[[ Excerpted data, beginning ]]

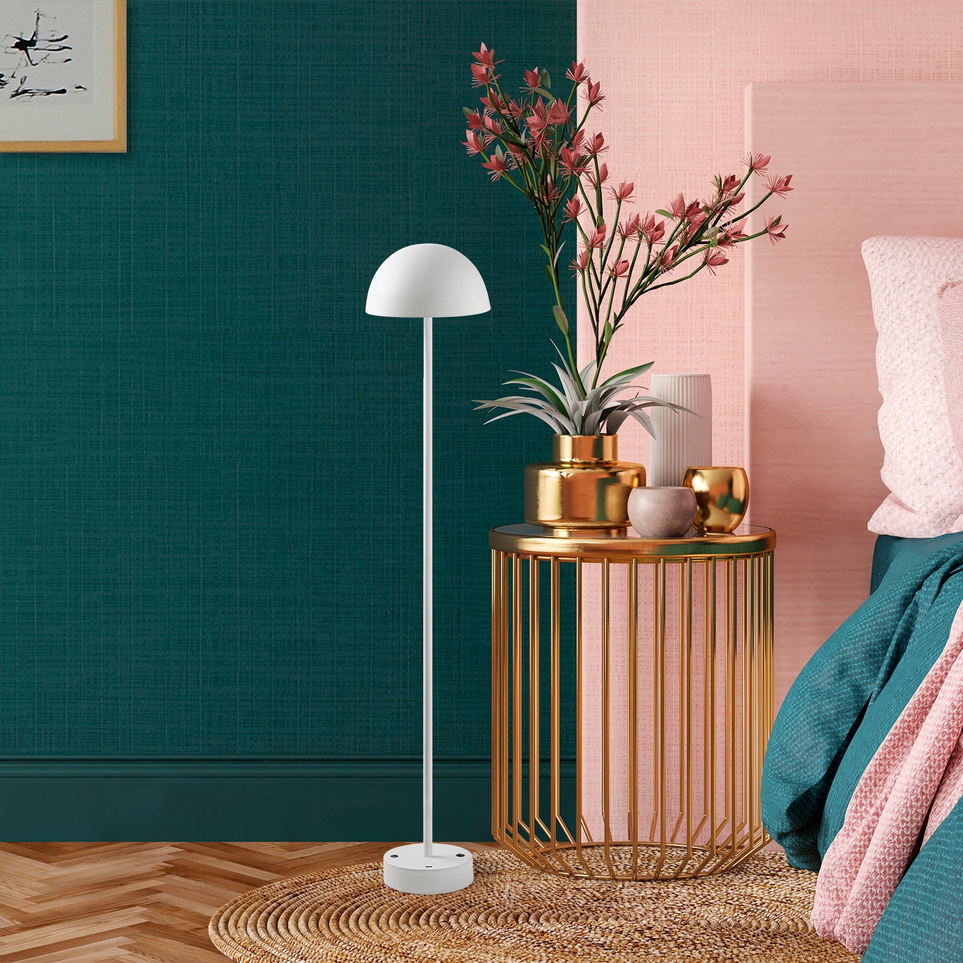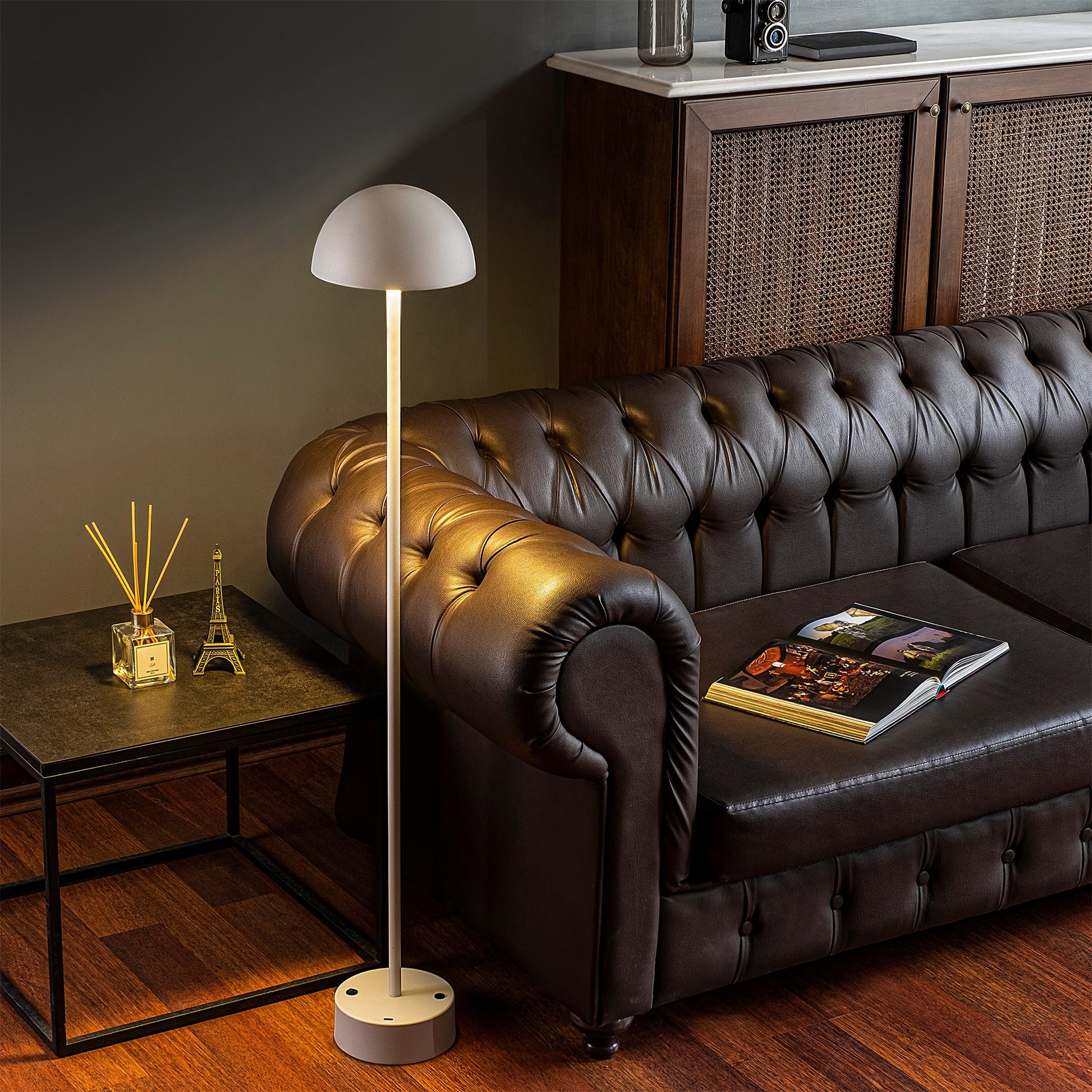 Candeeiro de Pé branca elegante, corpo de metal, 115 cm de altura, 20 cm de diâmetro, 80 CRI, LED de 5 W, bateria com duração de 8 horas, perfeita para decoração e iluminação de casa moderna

[[ Excerpted data, end ]]
[[ Excerpted data, beginning ]]

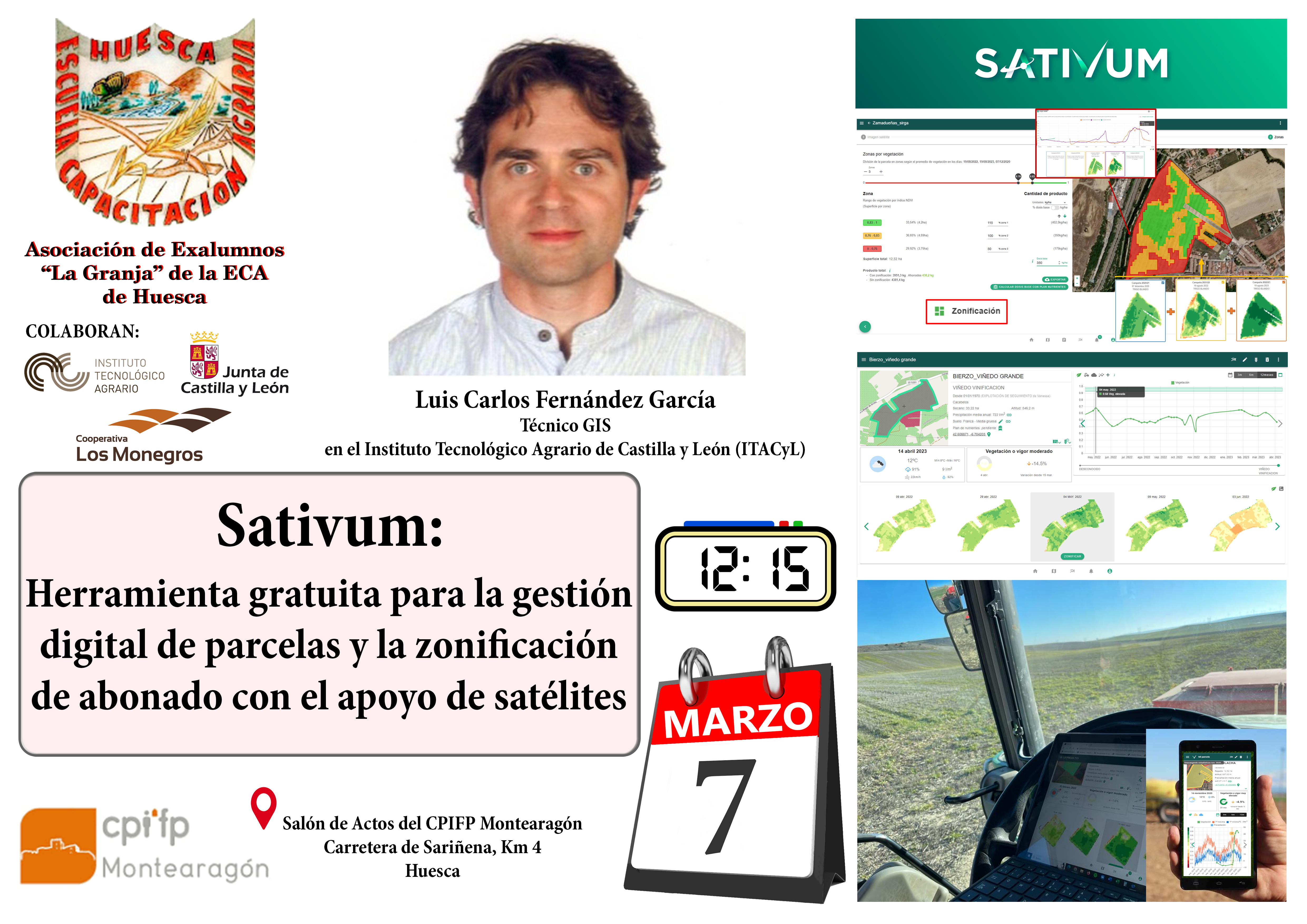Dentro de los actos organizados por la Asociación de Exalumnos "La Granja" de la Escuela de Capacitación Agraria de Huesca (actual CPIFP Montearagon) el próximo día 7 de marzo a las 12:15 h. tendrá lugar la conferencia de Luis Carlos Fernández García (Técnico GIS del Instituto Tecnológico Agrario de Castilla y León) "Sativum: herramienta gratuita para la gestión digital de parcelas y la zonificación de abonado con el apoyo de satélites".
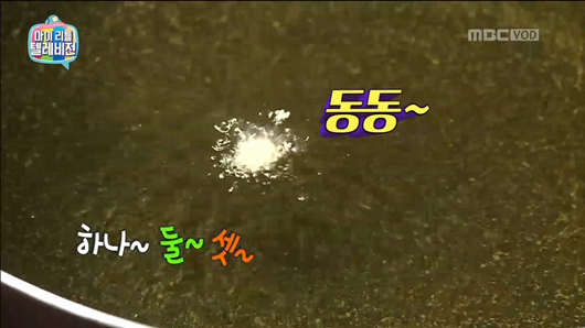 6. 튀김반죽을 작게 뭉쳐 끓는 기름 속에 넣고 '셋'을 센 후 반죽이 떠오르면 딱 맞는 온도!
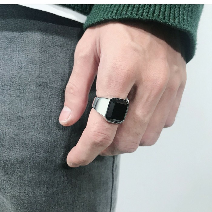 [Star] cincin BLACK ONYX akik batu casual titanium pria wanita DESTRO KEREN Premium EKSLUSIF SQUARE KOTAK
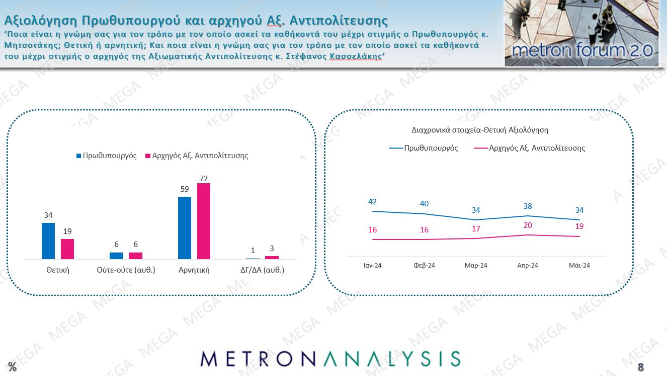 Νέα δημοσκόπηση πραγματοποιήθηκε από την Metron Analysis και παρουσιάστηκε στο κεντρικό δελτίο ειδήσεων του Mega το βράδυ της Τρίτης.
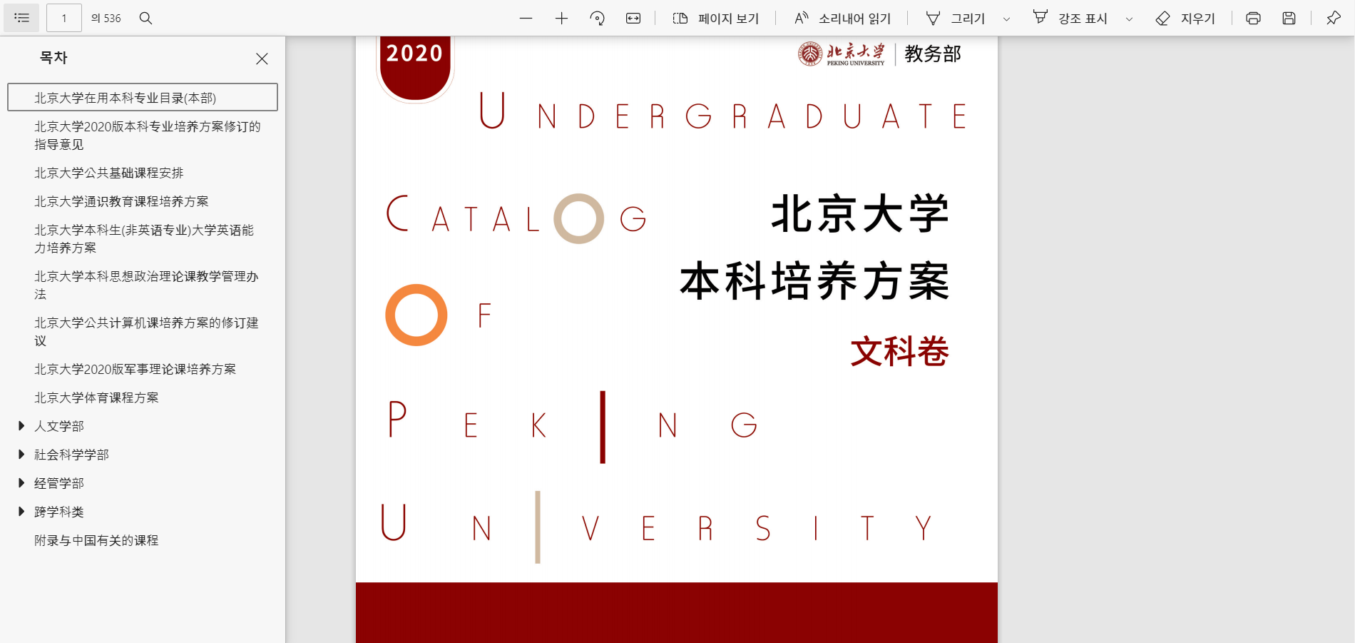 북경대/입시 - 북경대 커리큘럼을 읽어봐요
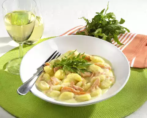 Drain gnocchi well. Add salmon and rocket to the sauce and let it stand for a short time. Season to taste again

[[ Excerpted data, end ]]
[[ Excerpted data, beginning ]]

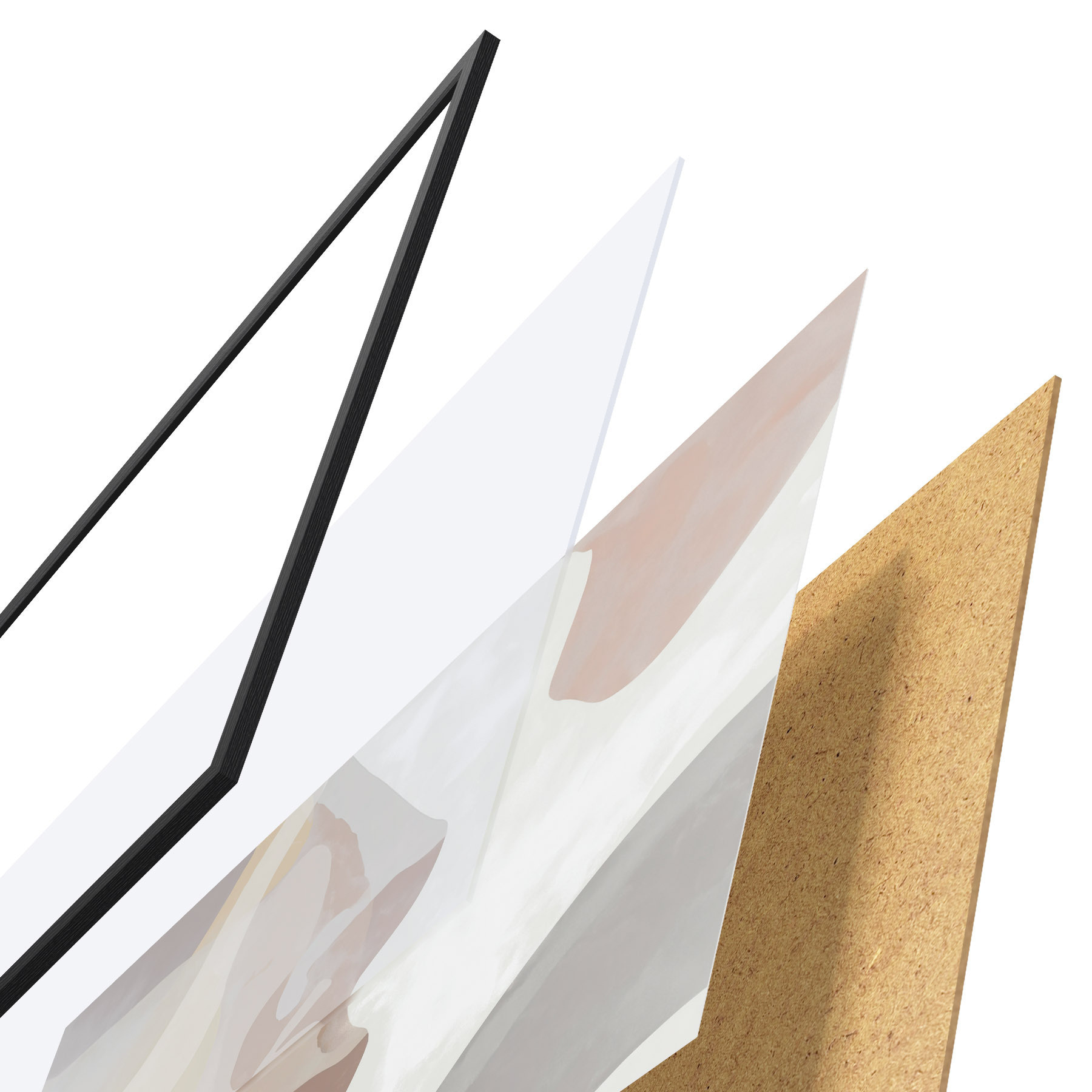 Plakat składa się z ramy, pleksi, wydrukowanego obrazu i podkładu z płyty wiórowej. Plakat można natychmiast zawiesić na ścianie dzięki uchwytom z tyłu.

[[ Excerpted data, end ]]

§ **Work to be completed**
Restate the lines above from the one containing "[Star] cincin BLACK" through the one containing "Drain gnocchi well.", inclusive, exactly and without pictures.

§ **Solution to this task**
 [Star] cincin BLACK ONYX akik batu casual titanium pria wanita DESTRO KEREN Premium EKSLUSIF SQUARE KOTAK
 Νέα δημοσκόπηση πραγματοποιήθηκε από την Metron Analysis και παρουσιάστηκε στο κεντρικό δελτίο ειδήσεων του Mega το βράδυ της Τρίτης.
 북경대/입시 - 북경대 커리큘럼을 읽어봐요
 Drain gnocchi well. Add salmon and rocket to the sauce and let it stand for a short time. Season to taste again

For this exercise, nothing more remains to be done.